> I just installed a set of uprated from springs I bought 4 years ago
>from British Parts NW
>The problem is that the car seems to sit very nose-high now. I'd guess
>that the tire-fender gap in the front is easily twice that in the rear, which
>seems strange.
[ this is a '70 TR6]
Ok, I have the car back from the alignment shop, and put about 20 miles
on it. I rough-measured the gaps on all 4 wheels, and this is what I get:
(tire - fender lip clearance)
2" 2-2.5" (front)
1" 1.5-2" (rear)
Looks like the left-rear is sagging, again. Or perhaps some strange
frame warp? The fronts are still sitting higher than the rears, but it's not
as pronounced on the passenger side. I had thought that the driver-side lean
was caused by a sagging old front spring.
The front is mega-stiff now. I checked the Bentley manual and the
front springs are supposed to have a shorter free-length than the rears, and
1 less turn as well, so I guess the old springs were in the correct places.

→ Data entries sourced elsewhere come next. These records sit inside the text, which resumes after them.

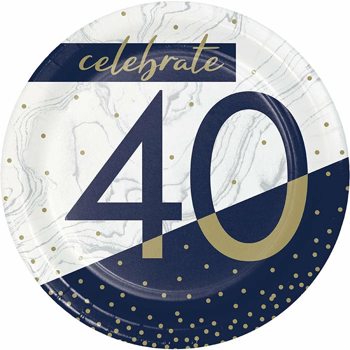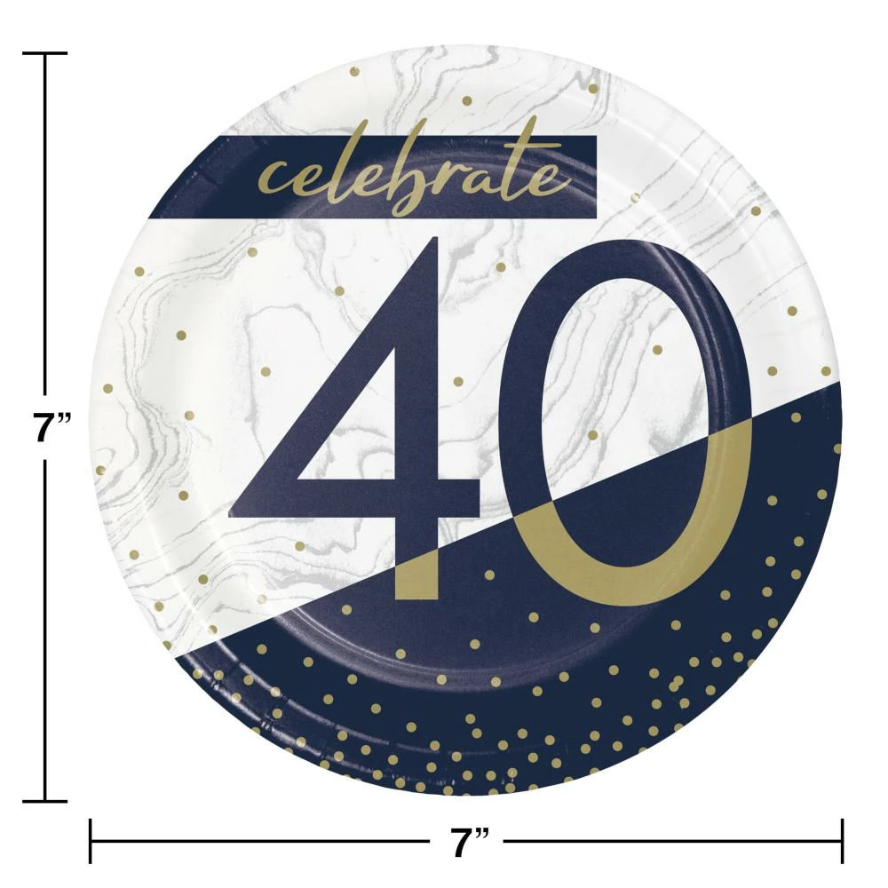 Details: Celebrate your 40th Birthday and treat your guests to a delicious piece of cake served on the Navy and Gold 40th Birthday Dessert Plates. These sturdy paper plates measure 7″ and feature confetti dots and the words “Celebrate 40” with a gold, navy, and white theme. Sold in packs of 8, these disposable paper plates coordinate with all Navy and Gold party supplies. Our Navy and Gold 40th Birthday Dessert Plates are perfect for event planners, caterers, and home hostesses alike.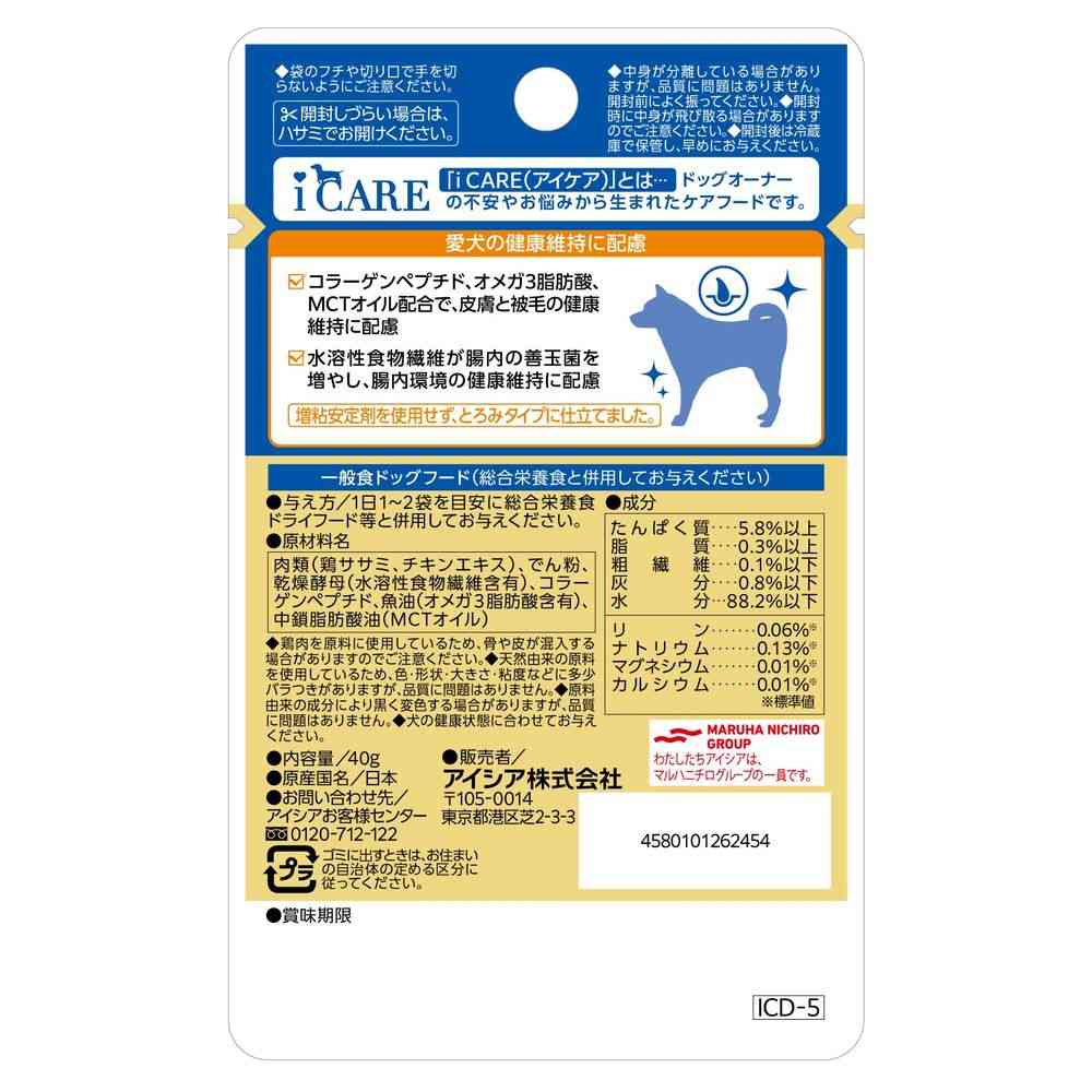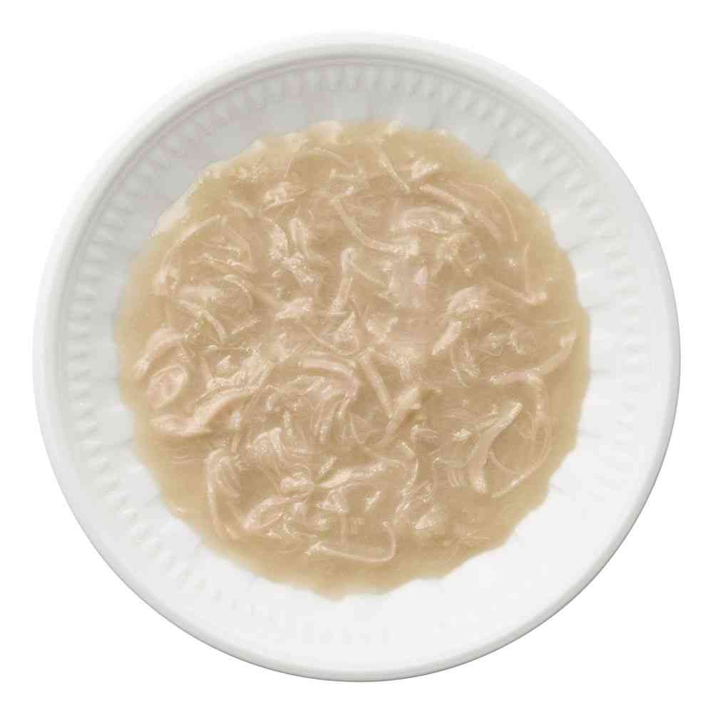 肉類(鶏ササミ、チキンエキス)、でん粉、乾燥酵母(水溶性食物繊維含有)、コラーゲンペプチド、魚油(オメガ3脂肪酸含有)、中鎖脂肪酸油(MCTオイル) たんぱく質:5.8%以上、脂質:0.3%以上、粗繊維:0.1%以下、灰分:0.8%以下、水分:88.2%以下
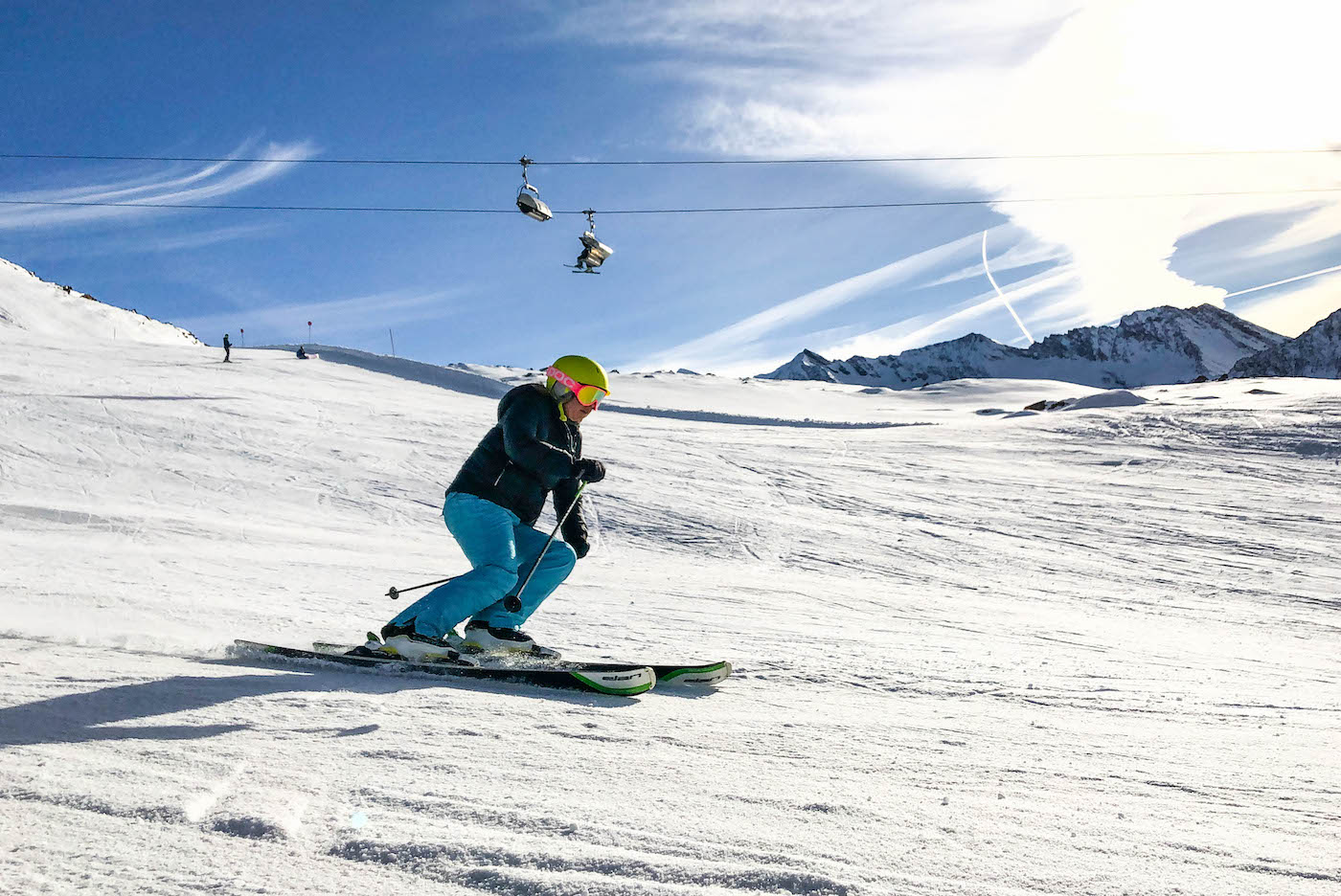 De bergtoppen in Innsbruck zijn nog groen. Op naar het Ötztal dus. Ook daar is het dal groen, maar hoog in de bergen is het wit, zoals je ook onlangs hebt gezien toen we bij De Winteropening in Sölden waren. Hoe het in Obergurgl was? Ik had natuurlijk wat webcambeelden gezien, maar hoe het er bovenaan de lift uitzag had ik niet durven dromen. Heerlijk sneeuw alsof het midden winter was én nog ribbels in de piste om 12.00u ’s middags. Waar maak je dat nou nog mee?

Another question: the driver's side had only .9 degrees of caster,
while the right side had 3.75 or so. Spec is 2.75 +-1, so one is way under,
and the other is riding the high end. The shop was quite suprised it didn't
pull. Also interesting is that the side with .9 is the "good" side; the
other side hit a curb hard (the DPO). Caster isn't adjustable on TR6's,
so how do I correct it? Especially as that's the good side - freshly (in
miles) rebuilt and never damaged that I know of. There's a .5" setback from
one side to the other, though, so the impact and/or repairs by the PO did do
some nastiness.
Also, what will such out-of-spec and mismatched caster cause to
happen? There's no pulling, steering seems to center ok. High speed shimmy
seems gone now (it was tires or the .8 inches of toe-in I had).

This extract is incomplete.